JazzProfiles: Django – The Modern Jazz Quartet



These extracts are from an article which appeared in the February 2, 1957 edition of Downbeat.

Entitled John Lewis and written by Nat Hentoff, it carried the following subtitle – The Modern Jazz Quartet’s Music Director Answers Complaints About the Group, And Also Delivers His Musical Philosophy.

With regard to the subtitle, John, like Dave Brubeck, could have called it – “The Story of My Life in Jazz.”

“Criticisms of the Quartet: Do I feel Milt Jackson is being held down as a member of the quartet? You’ll have to ask Milt about that. I don’t think he is any more restricted—or that I am—any more than if he or I were working for anyone else. Milt also has the opportunity to play for other people and to make records for himself. He’s a big soloist in his own right, and he can do whatever he likes outside the quartet if it doesn’t interfere with his major work— the quartet —which has helped, I think, to make him more widely known. 

“We have a very unique and wonderful situation. We get to do mostly what we want to do. I say ‘mostly’ because each of us can’t do everything he wants to do. We all have to consider each other. None of us even plays the same when we don’t play together. 

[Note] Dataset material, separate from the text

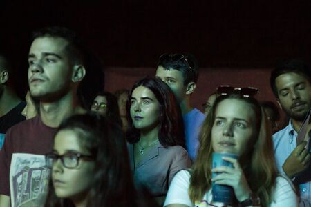 FARO, PORTUGAL: 5th SEPTEMBER, 2019 - Audience watch music artist on Festival F, a big festival on the city of Faro, Portugal.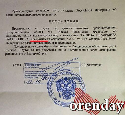 На следующее утро Владимира привезли к мировому судье. Та, задав вопрос, почему он не подписал протокол, решила прочитать ему материал вслух, но… не смогла и сама. Выслушав Тушева, созвонившись со следователем, судья постановила - прекратить производство по делу об административном правонарушении в отношении оренбуржца.

“Our music, the quartet’s, is made to listen to. And it was not made for musicians only. When somebody comes to listen to our music, we try to give as much as we’re capable of. The listeners don’t have to guess what’s going on. There’s no mystery on the stand. I mean we try to have our ideas as well made as we can. There’s another kind of mystery that music keeps, that all art has, because you can’t figure it out.” 

John was given a list of criticisms made of the MJQ by some musicians and by some laymen—that, aside from Milt, the MJQ isn’t ‘funky’ enough, has too limited a range of expression and particularly of tempo, that it relies too much on fugal structures, etc. 

“FIRST OF ALL,” said Lewis in reaction to the “funky” question, “I don’t want to be in a position of defending us in terms of any words. All I care about is how well we’re communicating with the means we have. We must first obviously communicate to ourselves. Then the test is to communicate to somebody else. I don’t care about the terms, words, or anything else like that. 

“I listen to what we’re doing; I enjoy it; and listen as much as I can. If what I hear isn’t pleasant to me; if all the numbers were in the same tempo and in the same key, let’s say, that would be dull to me, and I’d know something was wrong. Now, I would agree that sometimes the tempos in the course of a set are quite the same, but there are other considerations. We sometimes sacrifice tempo changes for character. Between the Devil and the Deep Blue Sea and D & E, for example, are similar in tempo, but different in key and in character, so we can play them in sequence. And sometimes we achieve the character we want by playing ballads faster as the Basie band used to which made them sound wonderful and which gave them a more live quality. 

“Have we played out our use of fugal structures? We only play three — Concorde, Versailles, and Vendome. We don’t use Fugue for Music Inn in the book. Not yet, anyway. So that’s only three things. How can it be said that that aspect of what we do has been played out? 

“My writing is going to change, in any case. There are other things we want to do, and have wanted to do from the beginning. By now we know how to do some things fairly well. The counterpoint thing between the three pitch instruments, and even Connie, nas been developed to a fair degree. But I don’t want to set it so that it gets so perfect that we can’t use it for something else in another direction. 

“And we have to keep going back into the gold mine. I mean the folk music. The blues, and things that are related to it. Even things that may not have been folk to start with but have become kind of folk-like material that somebody writes but that has been worked on until it doesn’t belong to the composer any more. Like some of Gershwin’s music and James P. Johnson’s. Music that serves as a point of departure for us and for me.” 

When it’s not moving every day, the MJQ rehearses two or three times a week, sometimes more. During its August stay at the Music Inn [Stockbridge, MA] last summer the quartet rehearsed everyday. At rehearsal, Lewis makes the final decisions.

There has to be some kind of leader,” he emphasized. “It just can’t work without somebody setting the tempo, etc. Milt often makes suggestions, however.” 

As for record sessions, rehearsals alone usually aren’t enough from Lewis’ viewpoint. Whenever possible, the MJQ will play a piece in clubs and at concerts for several months before recording it. “That’s why,” Lewis explains, “we couldn’t possibly make more than the two LPs a year we do. Those two eat up everything. Two a year are enough!”